Please reproduce all the data exactly as written and omit the pictures.

━━━ AVAILABLE DATA

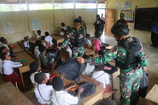 Satgas TNI Yonif RK 751/VJS Kembali Bagikan Peralatan Sekolah di Walesi Selasa, 23/11/2021 | 12:36
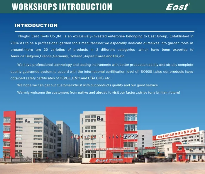 Ningbo East Tools Co; ltd is an exclusively-invested enterprise belonging to East Group.Established in 2004.As to be a professional garden tools manufacturer, we especially dedicate into garden tools. At present, our garden tools have exported to America, Belgium, France, Germany, Holland, Japan, Korea and UK, etc.
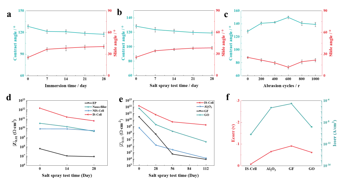 如图2所示,试验结果表明IS涂层具有相对出色的疏水稳定性、机械稳定性和长效耐蚀性。其在经历四周的盐水浸泡、盐雾侵蚀和1kg/1000g机械磨损后,IS涂层依旧保持稳定的疏水状态。IS涂层即使在液相腐蚀介质中浸泡112天后仍能保持优异的耐腐蚀性。最终的低频阻抗、自腐蚀电位和自腐蚀电流密度分别仅为1.68 × 109 Ω·cm2、-0.0708 V和5.38 × 10-11 A/cm2。在液相腐蚀介质中,IS涂层可长时具备相对优异的耐蚀性。
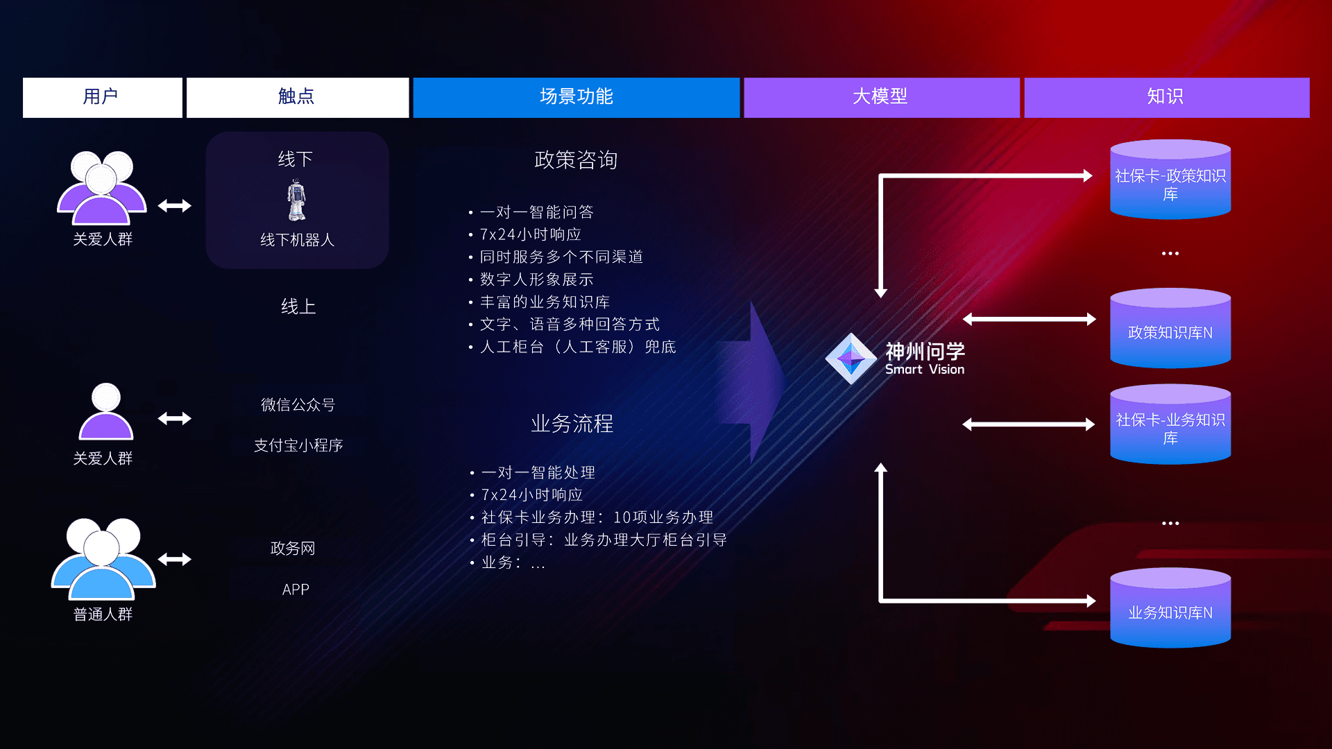 • 线上线下全覆盖:线上提供微信公众号、、、支付宝小程序、、、政务网、、、app多种渠道,,,,与线下机器人形成完整服务体系。。。。

━━━━━━

RESPONSE TO THIS TASK:
 Satgas TNI Yonif RK 751/VJS Kembali Bagikan Peralatan Sekolah di Walesi Selasa, 23/11/2021 | 12:36
 Ningbo East Tools Co; ltd is an exclusively-invested enterprise belonging to East Group.Established in 2004.As to be a professional garden tools manufacturer, we especially dedicate into garden tools. At present, our garden tools have exported to America, Belgium, France, Germany, Holland, Japan, Korea and UK, etc.
 如图2所示,试验结果表明IS涂层具有相对出色的疏水稳定性、机械稳定性和长效耐蚀性。其在经历四周的盐水浸泡、盐雾侵蚀和1kg/1000g机械磨损后,IS涂层依旧保持稳定的疏水状态。IS涂层即使在液相腐蚀介质中浸泡112天后仍能保持优异的耐腐蚀性。最终的低频阻抗、自腐蚀电位和自腐蚀电流密度分别仅为1.68 × 109 Ω·cm2、-0.0708 V和5.38 × 10-11 A/cm2。在液相腐蚀介质中,IS涂层可长时具备相对优异的耐蚀性。
 • 线上线下全覆盖:线上提供微信公众号、、、支付宝小程序、、、政务网、、、app多种渠道,,,,与线下机器人形成完整服务体系。。。。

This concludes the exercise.